■ **Task brief**
For every line in the material, output its text exactly and exclude any image it holds.

■ **Collected data**
□ □ □ □ □

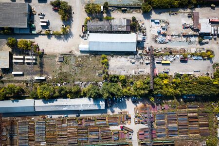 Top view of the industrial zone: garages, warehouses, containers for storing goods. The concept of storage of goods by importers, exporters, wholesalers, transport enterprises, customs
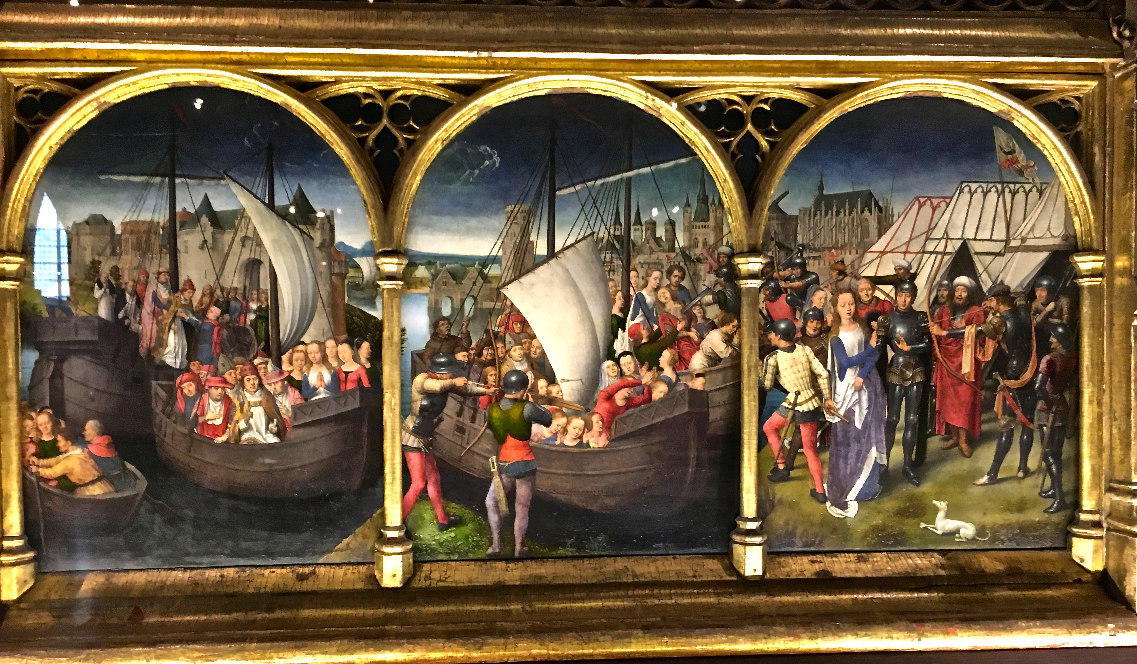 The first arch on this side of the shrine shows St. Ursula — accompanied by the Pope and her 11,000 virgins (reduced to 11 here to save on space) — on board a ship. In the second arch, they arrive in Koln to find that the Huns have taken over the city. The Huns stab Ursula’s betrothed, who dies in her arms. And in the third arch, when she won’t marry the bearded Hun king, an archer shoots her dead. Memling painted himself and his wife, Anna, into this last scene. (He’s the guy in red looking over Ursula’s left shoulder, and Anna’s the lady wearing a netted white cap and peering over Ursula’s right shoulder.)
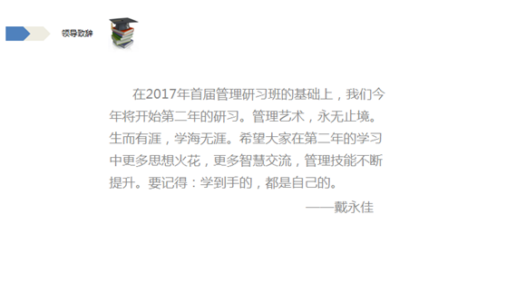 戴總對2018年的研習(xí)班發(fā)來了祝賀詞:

□ □ □ □ □

■ **Exercise result**
 Top view of the industrial zone: garages, warehouses, containers for storing goods. The concept of storage of goods by importers, exporters, wholesalers, transport enterprises, customs
 The first arch on this side of the shrine shows St. Ursula — accompanied by the Pope and her 11,000 virgins (reduced to 11 here to save on space) — on board a ship. In the second arch, they arrive in Koln to find that the Huns have taken over the city. The Huns stab Ursula’s betrothed, who dies in her arms. And in the third arch, when she won’t marry the bearded Hun king, an archer shoots her dead. Memling painted himself and his wife, Anna, into this last scene. (He’s the guy in red looking over Ursula’s left shoulder, and Anna’s the lady wearing a netted white cap and peering over Ursula’s right shoulder.)
 戴總對2018年的研習(xí)班發(fā)來了祝賀詞:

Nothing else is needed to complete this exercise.